◆ EXERCISE REQUIREMENTS ◆
Exactly retype the opening line of the entries and every line after it, ending with the line that contains "Fig. 3. Cut". Skip all pictures.

----- SUPPLIED DATA

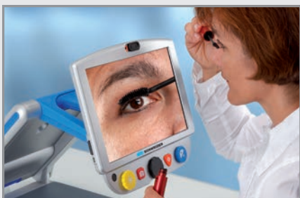
Front camera for self-viewing

Magnification: 1.7x to 24x 1.0x to 2.5x (self-view camera) Weight: 4.3 kg – with battery 3.8 kg – without battery Dimensions (W x D x H): approx. 31.7 x 34.3 x 6.1 cm Screen size: 12 inch (30 cm) with 4-metre power cord and carrying case
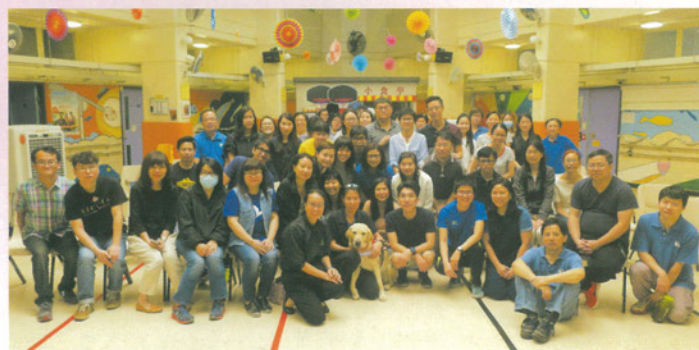
職員培訓--香港導盲犬服務中心簡介 Staff Development -Introduction of Hong Kong Seeing Eye Dog Services
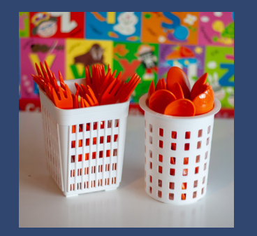
Cutlery Containers Codes 476 & 477
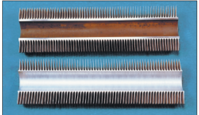
Fig. 3. Cut away view of the extruded fin for an ACHE.

machine, which first forms a small “foot” at one edge of the strip. This foot is usually a single 90° bend (“L” base) or a double 90°–180° bend (“T” base) at the fin root. The strip is then wound tightly around the tube. Tension of the fin strip is retained by stapling or clamping it with a collar at both ends of the tube (Fig. 1).
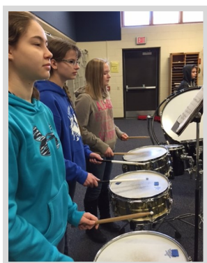
Drum Roll Please!
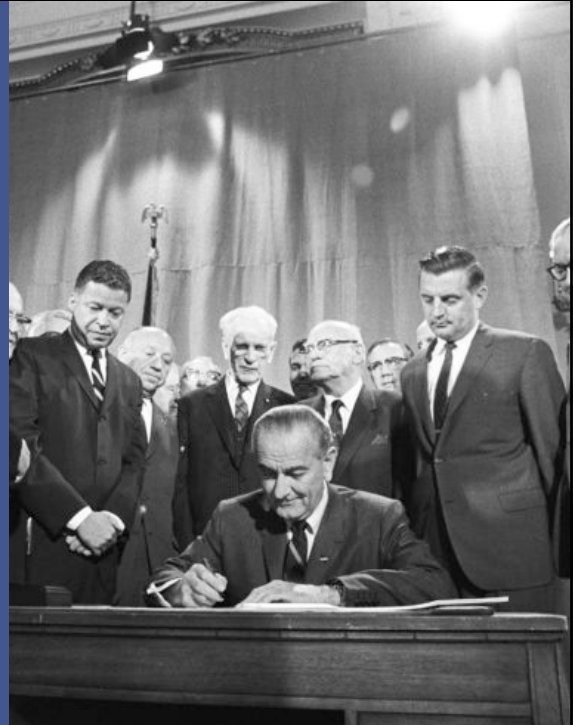
President Johnson signs Fair Housing Act on April 11, 1968

----------

◆ OUTPUT FOR THIS TASK ◆
Front camera for self-viewing

Magnification: 1.7x to 24x 1.0x to 2.5x (self-view camera) Weight: 4.3 kg – with battery 3.8 kg – without battery Dimensions (W x D x H): approx. 31.7 x 34.3 x 6.1 cm Screen size: 12 inch (30 cm) with 4-metre power cord and carrying case
職員培訓--香港導盲犬服務中心簡介 Staff Development -Introduction of Hong Kong Seeing Eye Dog Services
Cutlery Containers Codes 476 & 477
Fig. 3. Cut away view of the extruded fin for an ACHE.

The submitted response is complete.